## Given entries

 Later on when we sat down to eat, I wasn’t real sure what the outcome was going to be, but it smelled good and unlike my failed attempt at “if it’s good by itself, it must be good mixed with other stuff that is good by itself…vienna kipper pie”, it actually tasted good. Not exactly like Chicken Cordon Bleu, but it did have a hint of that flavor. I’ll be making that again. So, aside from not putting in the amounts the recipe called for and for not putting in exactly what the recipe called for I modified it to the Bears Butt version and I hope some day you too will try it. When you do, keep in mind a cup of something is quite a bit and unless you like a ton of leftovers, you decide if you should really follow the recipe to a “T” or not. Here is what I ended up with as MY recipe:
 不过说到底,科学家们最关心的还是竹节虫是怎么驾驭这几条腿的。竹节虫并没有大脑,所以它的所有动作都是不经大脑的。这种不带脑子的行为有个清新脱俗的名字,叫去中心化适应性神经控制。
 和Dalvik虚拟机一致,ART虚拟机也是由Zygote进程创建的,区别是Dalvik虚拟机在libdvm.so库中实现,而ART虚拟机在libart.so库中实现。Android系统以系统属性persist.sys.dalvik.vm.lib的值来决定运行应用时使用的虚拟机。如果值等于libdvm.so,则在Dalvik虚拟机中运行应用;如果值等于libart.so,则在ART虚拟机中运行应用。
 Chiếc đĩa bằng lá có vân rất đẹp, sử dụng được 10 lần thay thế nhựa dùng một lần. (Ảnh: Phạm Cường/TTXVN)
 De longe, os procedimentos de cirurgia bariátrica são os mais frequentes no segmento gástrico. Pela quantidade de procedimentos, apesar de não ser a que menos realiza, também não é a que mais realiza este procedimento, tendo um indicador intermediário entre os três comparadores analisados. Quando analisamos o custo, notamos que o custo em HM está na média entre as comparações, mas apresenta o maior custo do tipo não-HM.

...

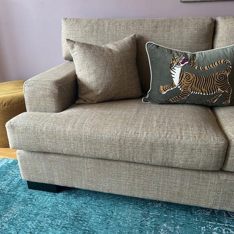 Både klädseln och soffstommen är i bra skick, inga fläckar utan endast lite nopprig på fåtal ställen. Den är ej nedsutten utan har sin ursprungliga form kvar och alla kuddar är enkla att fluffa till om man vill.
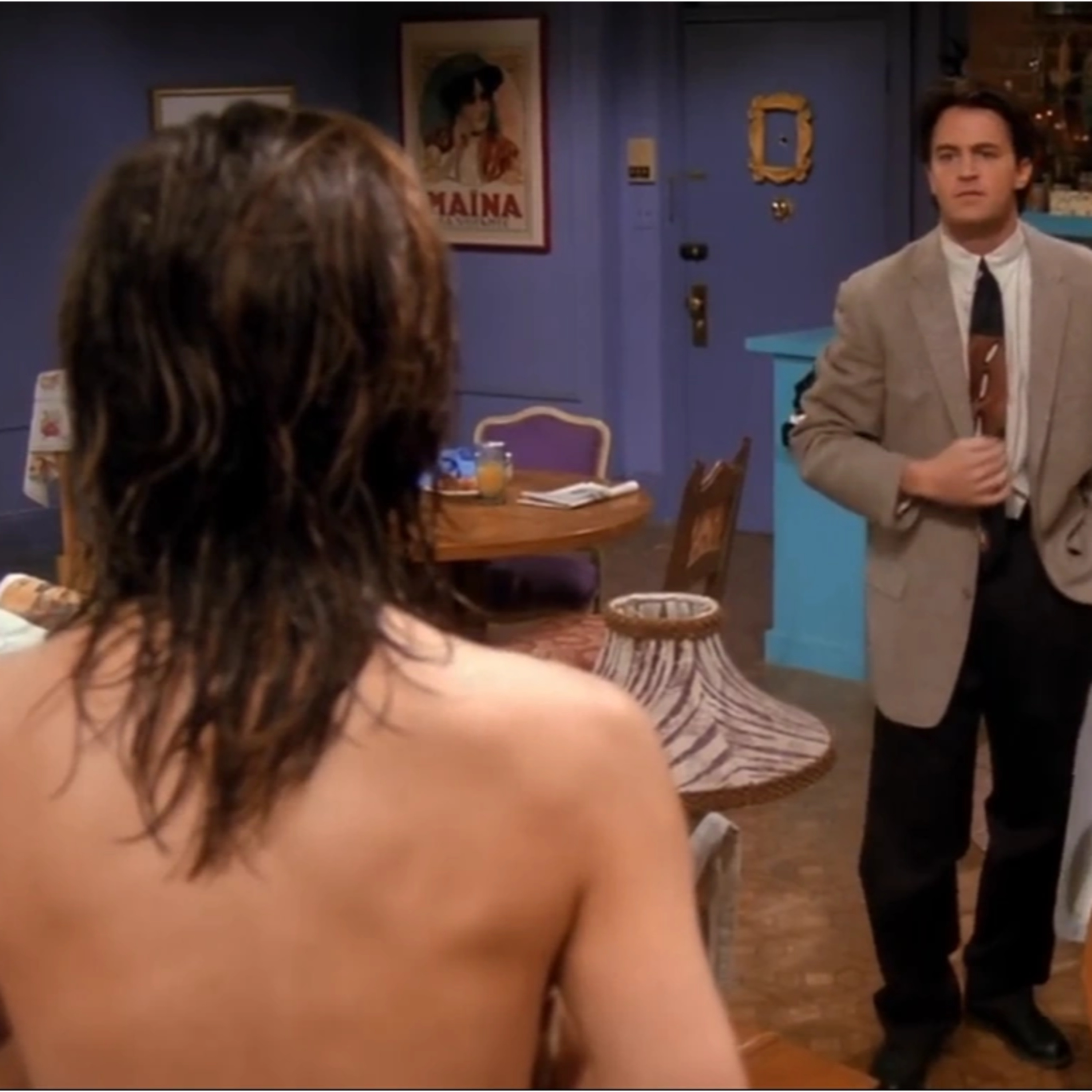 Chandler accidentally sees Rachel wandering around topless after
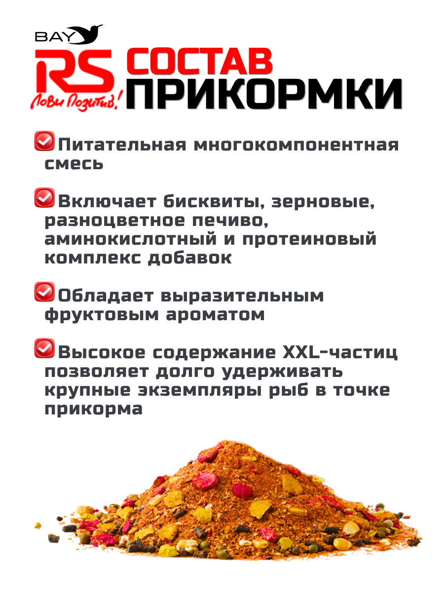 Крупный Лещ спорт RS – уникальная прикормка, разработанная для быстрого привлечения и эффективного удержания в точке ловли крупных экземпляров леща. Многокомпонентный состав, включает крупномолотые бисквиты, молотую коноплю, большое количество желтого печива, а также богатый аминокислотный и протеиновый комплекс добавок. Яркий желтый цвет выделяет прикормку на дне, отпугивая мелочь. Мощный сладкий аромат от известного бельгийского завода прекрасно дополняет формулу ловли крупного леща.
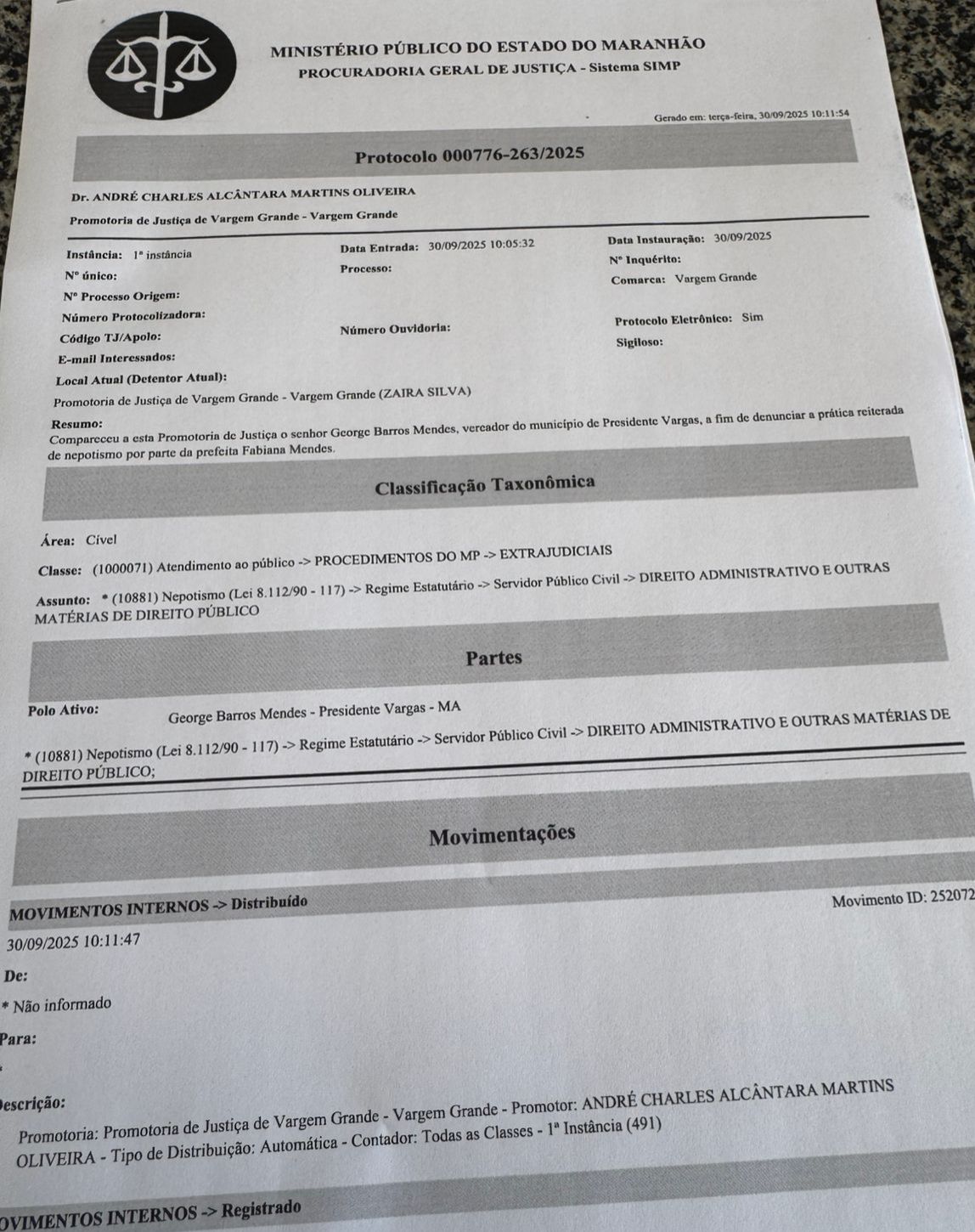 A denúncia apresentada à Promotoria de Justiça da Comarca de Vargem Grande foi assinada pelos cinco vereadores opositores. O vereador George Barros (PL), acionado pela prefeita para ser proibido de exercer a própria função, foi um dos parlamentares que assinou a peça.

## Work item
In the listing above, find the line containing "Chandler accidentally sees" and the line containing "A denúncia apresentada", then write out both of them and every line between, exactly, with no pictures.

## Final answer
 Chandler accidentally sees Rachel wandering around topless after
 Крупный Лещ спорт RS – уникальная прикормка, разработанная для быстрого привлечения и эффективного удержания в точке ловли крупных экземпляров леща. Многокомпонентный состав, включает крупномолотые бисквиты, молотую коноплю, большое количество желтого печива, а также богатый аминокислотный и протеиновый комплекс добавок. Яркий желтый цвет выделяет прикормку на дне, отпугивая мелочь. Мощный сладкий аромат от известного бельгийского завода прекрасно дополняет формулу ловли крупного леща.
 A denúncia apresentada à Promotoria de Justiça da Comarca de Vargem Grande foi assinada pelos cinco vereadores opositores. O vereador George Barros (PL), acionado pela prefeita para ser proibido de exercer a própria função, foi um dos parlamentares que assinou a peça.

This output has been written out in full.